## What is required:
Only the text of the records belongs in the answer, copied exactly, with every picture omitted.

Data entries
BEGIN
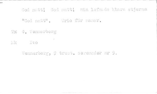 //// God natt God n at t ; min 1 e flu, ds klara "God natt" Trio för mans r - erna //// Tx G. Uenne rb e rg //// 12x D; o //// Wennerberg, 9 tres . s e renad er nr 9. ////
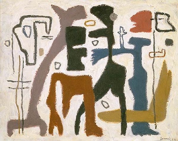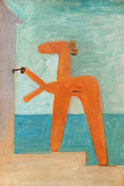 Curator: Here we have Picasso's "Bather," created in 1928, a period where he often returned to themes of the female figure, but rendered through a surrealist and cubist lens. Editor: It strikes me immediately as strangely playful, despite the distorted anatomy. The limited color palette adds a childlike simplicity, almost like a quick sketch capturing a fleeting moment. Curator: That childlike quality is key. After the intensity of his earlier Cubist explorations, Picasso, in the late 1920s, seems to revisit the theme of the bather, connecting it to broader dialogues around primitivism that echoed through art circles. This particular canvas, rendered with oil paint, emphasizes angularity and an almost schematic depiction of the figure. Editor: It’s interesting to consider how this image might be interpreted from a feminist perspective. While seemingly innocent, it's yet another iteration of the female nude through a male gaze, filtered through a modernist, surrealist sensibility. Curator: Absolutely. Context is key. The surrealist movement itself, while often presented as liberating, had its own problems regarding the objectification and idealization of women. This "Bather" contributes to that narrative, however much we might appreciate its formal qualities. Editor: The pose also strikes me as particularly…unstable. One leg stretched back like a tight rope, the other flailing as if losing balance while tossing a ball—a suggestion, perhaps, of the precarious position of women in the societal framework of his time? Curator: One could definitely make that argument, looking at it through the lens of how female bodies were often represented in art—either as passive objects of beauty or as monstrous figures subverting patriarchal norms. There’s something unsettling in how this figure teeters between the two. Editor: I’m left wondering if this 'Bather' is less about the beach and more about deconstructing the very act of seeing, challenging viewers to question how we perceive and represent the human form, especially that of women. Curator: Ultimately, Picasso leaves much open to interpretation. By stripping down the form, he compels us to look beyond the surface and grapple with the complex cultural baggage that art inevitably carries.
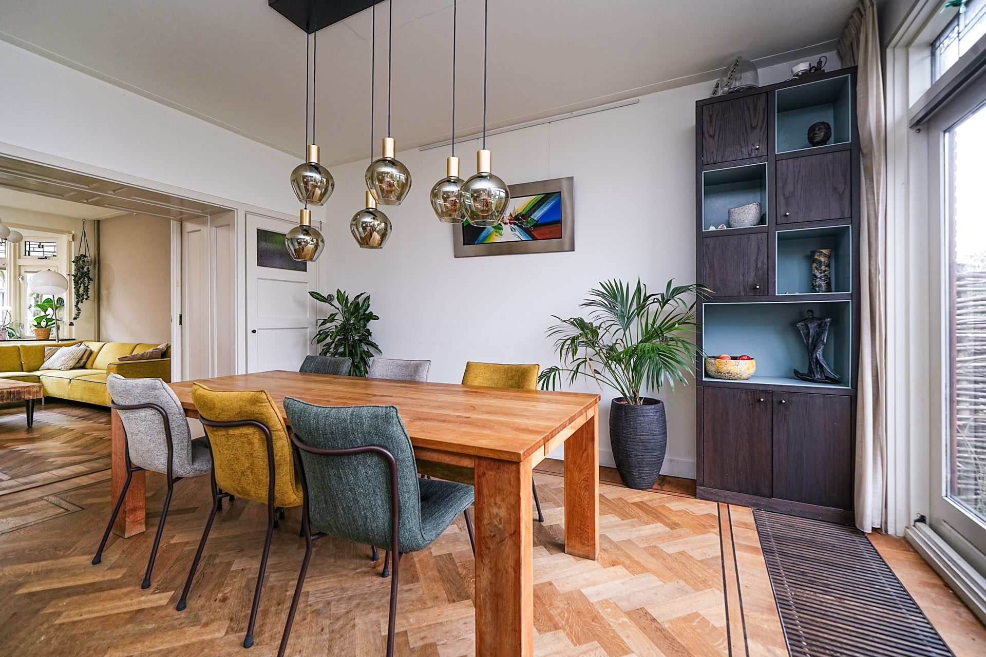 De woonkamer en eetkamer zijn van elkaar gescheiden door een fraaie kamer-en-suite met glas-in-loodramen en vaste kasten. Ook de eetkamer is afgewerkt in dezelfde stijlvolle lijn als de woonkamer. Vanuit hier geeft een ruime schuifpui toegang tot de tuin en het vrije uitzicht over het water, wat de ruimte bijzonder geschikt maakt voor lange diners met familie en vrienden.
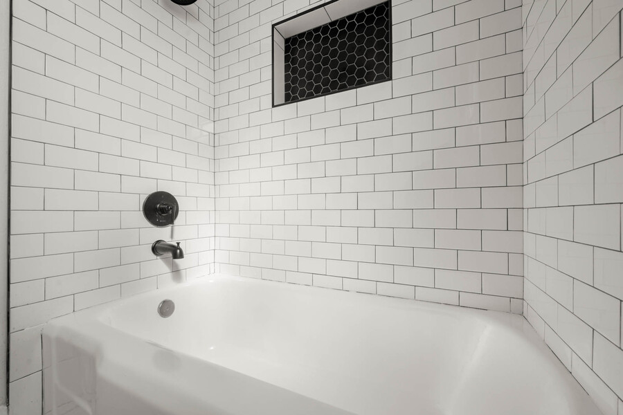 ~ Spa-Inspired Bathroom: Vanity, well-lit mirror, and a luxurious soaking tub/shower.
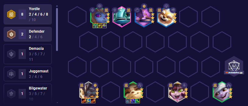In this comp you'll be playing Rumbles hero augment. Your aim will be to 3-star as many Yordles as possible as you gain a bigger buff for each 3-star Yordle on your board.
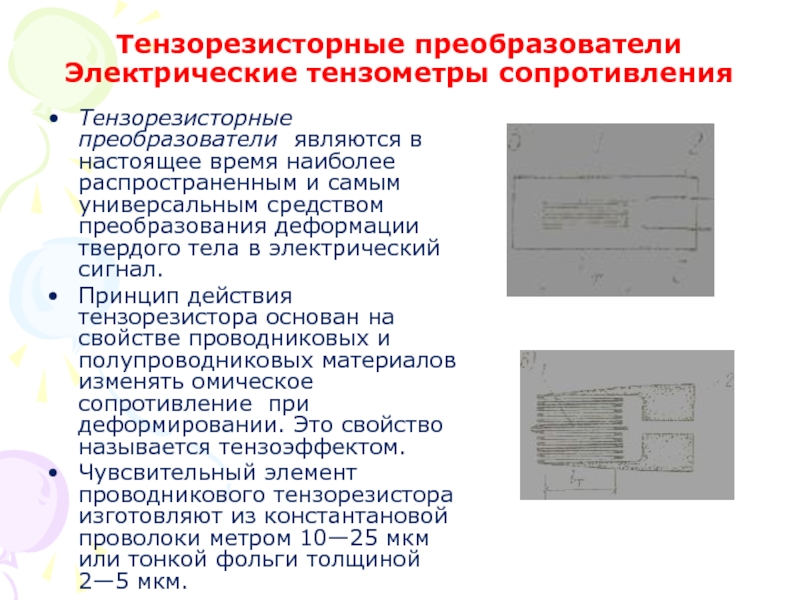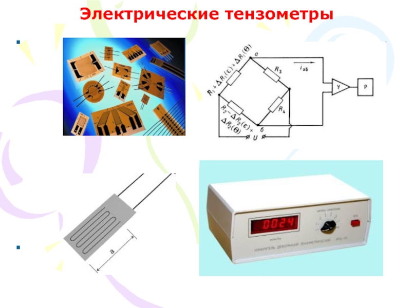 Слайд 12Тензорезисторные преобразователи Электрические тензометры сопротивления
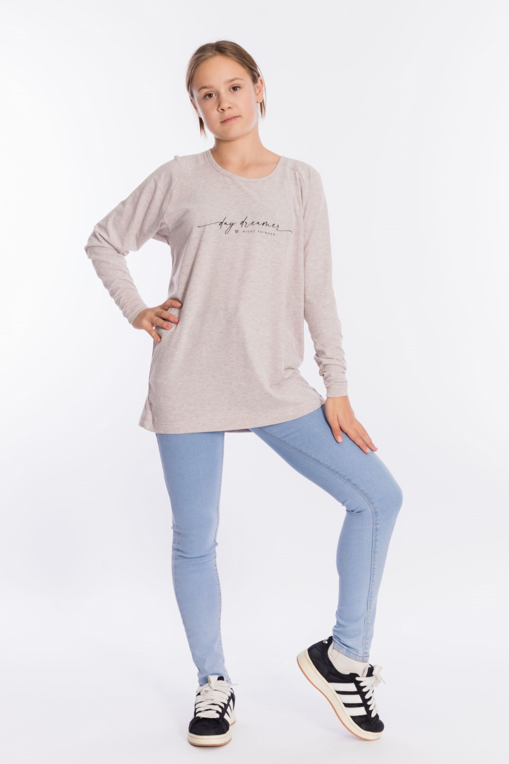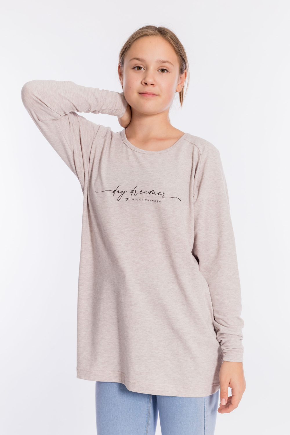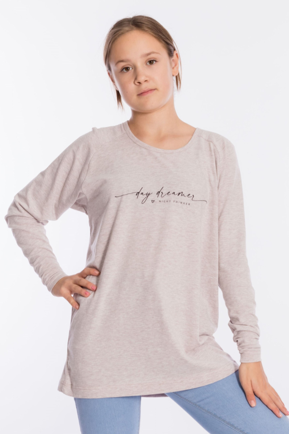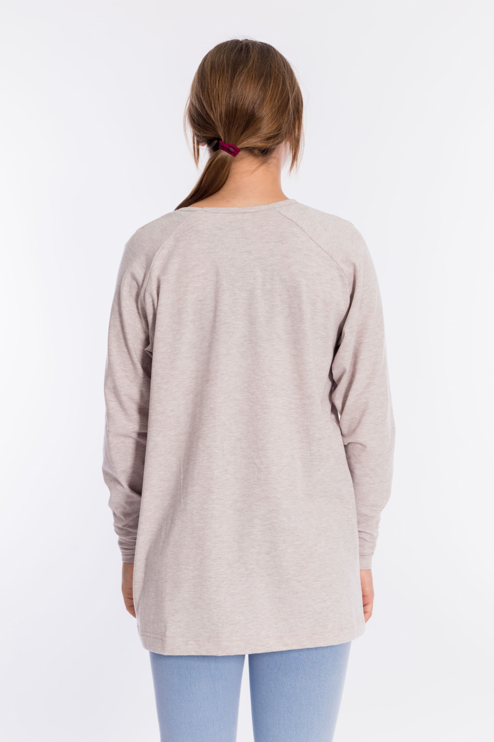 Толстовка выполнена из кулирки с лайкрой. Вырез горловины круглый, длинные рукава покроя реглан, спереди нанесён принт. Низ изделия разноуровневый, сзади длиннее, чем спереди.
END
## Solution for this exercise:
 //// God natt God n at t ; min 1 e flu, ds klara "God natt" Trio för mans r - erna //// Tx G. Uenne rb e rg //// 12x D; o //// Wennerberg, 9 tres . s e renad er nr 9. ////
 Curator: Here we have Picasso's "Bather," created in 1928, a period where he often returned to themes of the female figure, but rendered through a surrealist and cubist lens. Editor: It strikes me immediately as strangely playful, despite the distorted anatomy. The limited color palette adds a childlike simplicity, almost like a quick sketch capturing a fleeting moment. Curator: That childlike quality is key. After the intensity of his earlier Cubist explorations, Picasso, in the late 1920s, seems to revisit the theme of the bather, connecting it to broader dialogues around primitivism that echoed through art circles. This particular canvas, rendered with oil paint, emphasizes angularity and an almost schematic depiction of the figure. Editor: It’s interesting to consider how this image might be interpreted from a feminist perspective. While seemingly innocent, it's yet another iteration of the female nude through a male gaze, filtered through a modernist, surrealist sensibility. Curator: Absolutely. Context is key. The surrealist movement itself, while often presented as liberating, had its own problems regarding the objectification and idealization of women. This "Bather" contributes to that narrative, however much we might appreciate its formal qualities. Editor: The pose also strikes me as particularly…unstable. One leg stretched back like a tight rope, the other flailing as if losing balance while tossing a ball—a suggestion, perhaps, of the precarious position of women in the societal framework of his time? Curator: One could definitely make that argument, looking at it through the lens of how female bodies were often represented in art—either as passive objects of beauty or as monstrous figures subverting patriarchal norms. There’s something unsettling in how this figure teeters between the two. Editor: I’m left wondering if this 'Bather' is less about the beach and more about deconstructing the very act of seeing, challenging viewers to question how we perceive and represent the human form, especially that of women. Curator: Ultimately, Picasso leaves much open to interpretation. By stripping down the form, he compels us to look beyond the surface and grapple with the complex cultural baggage that art inevitably carries.
 De woonkamer en eetkamer zijn van elkaar gescheiden door een fraaie kamer-en-suite met glas-in-loodramen en vaste kasten. Ook de eetkamer is afgewerkt in dezelfde stijlvolle lijn als de woonkamer. Vanuit hier geeft een ruime schuifpui toegang tot de tuin en het vrije uitzicht over het water, wat de ruimte bijzonder geschikt maakt voor lange diners met familie en vrienden.
 ~ Spa-Inspired Bathroom: Vanity, well-lit mirror, and a luxurious soaking tub/shower.
In this comp you'll be playing Rumbles hero augment. Your aim will be to 3-star as many Yordles as possible as you gain a bigger buff for each 3-star Yordle on your board.
 Слайд 12Тензорезисторные преобразователи Электрические тензометры сопротивления
 Толстовка выполнена из кулирки с лайкрой. Вырез горловины круглый, длинные рукава покроя реглан, спереди нанесён принт. Низ изделия разноуровневый, сзади длиннее, чем спереди.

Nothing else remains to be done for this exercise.